February 15, 2014
Job 10:1-17
“I loathe my life; I will give free utterance to my complaint; I will speak in the bitterness of my soul. I will say to God, Do not condemn me; let me know why you contend against me. Does it seem good to you to oppress, to despise the work of your hands
and favor the designs of the wicked? Have you eyes of flesh? Do you see as man sees? Are your days as the days of man, or your years as a man's years, that you seek out my iniquity and search for my sin, although you know that I am not guilty, and there is none to deliver out of your hand? Your hands fashioned and made me, and now you have destroyed me altogether. Remember that you have made me like clay; and will you return me to the dust? Did you not pour me out like milk and curdle me like cheese? You clothed me with skin and flesh and knit me together with bones and sinews. You have granted me life and steadfast love, and your care has preserved my spirit. Yet these things you hid in your heart; I know that this was your purpose. If I sin, you watch me and do not acquit me of my iniquity. If I am guilty, woe to me! If I am in the right, I cannot lift up my head, for I am filled with disgrace and look on my affliction.
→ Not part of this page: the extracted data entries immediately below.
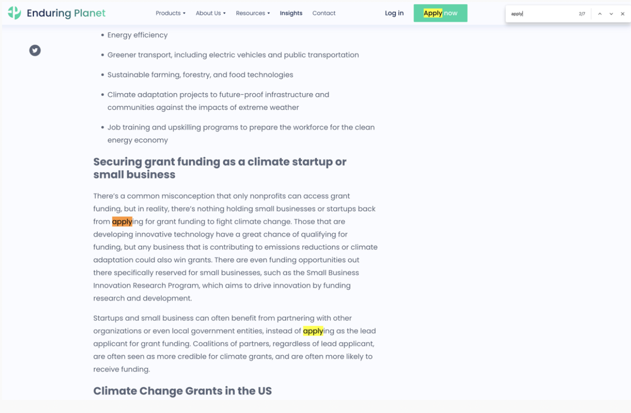 5. Search web pages for keywords. Once you get your search results, you may see several websites or pages that could have the information you need. When you open a page, use Control + F (PC) or Command + F (Mac) to search the page for your keywords. This search works well for things like searching on specific application guidelines like the application deadline, eligibility, or page limits. When you use this function, the word you are searching for will be highlighted, and you can navigate to each mention using the up and down arrows in the search bar.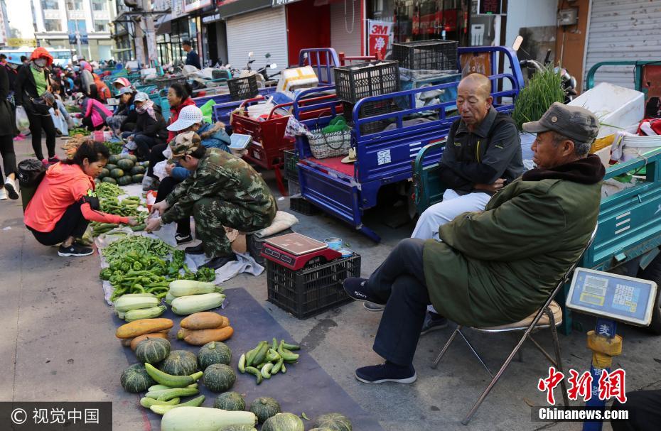 实拍黑龙江黑河三伏天 菜农清早出摊穿羽绒服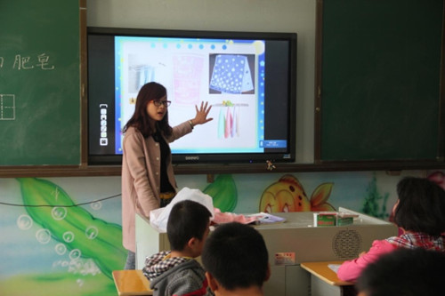 张老师根据本班智障学生的身心发展特点,从实际生活出发,结合实物和图片,使学生充分认识了生活中的日用品毛巾和肥皂及其用途,又通过视频使学生明白要做一个爱干净,讲卫生的好孩子。整堂语文教学贴近生活,促进智障生的生活适应能力的提高,从而真正实现了培智教育的最终目标。(文字:吴启惠 图片:董有智)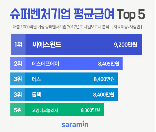직원 1인당 평균 급여(연봉ㆍ수당ㆍ성과급 등 포함 실지급액 기준, 천단위 이하 절사)가 높은 상위 10개 기업으로는 씨에스윈드가 9200만원으로 1위를 차지했다.

And were my head lifted up, you would hunt me like a lion and again work wonders against me. You renew your witnesses against me and increase your vexation toward me; you bring fresh troops against me.”
Most of these seventeen verses are rhetorical in nature, Job is asking not to get an answer but to make a statement. If you have been listening, Job has already given the answer to the questions he is asking. Job wonders why God would be treating a righteous man in this way and not the wicked? Job also knows that God knows he is not guilty, but wonders why he is being treated in this manner, is it because God has the power to do as He wishes? (That’s Job’s thinking not mine.)
Now never forget that Job is sitting in the garbage with maggots eating on the boils that are all over his body, ask this question, what would I be doing by now? Knowing the answer to all the question does not stop one’s mind from wondering, why has He not killed me?
At this time Job has lost all self-worth and would not look his friends in the eye, he just kept his head to the ground, he had no clue that he was but a pond in a power struggle of God and the devil. He is wondering is God stacking the deck against me, is he dealing with me as a righteous judge?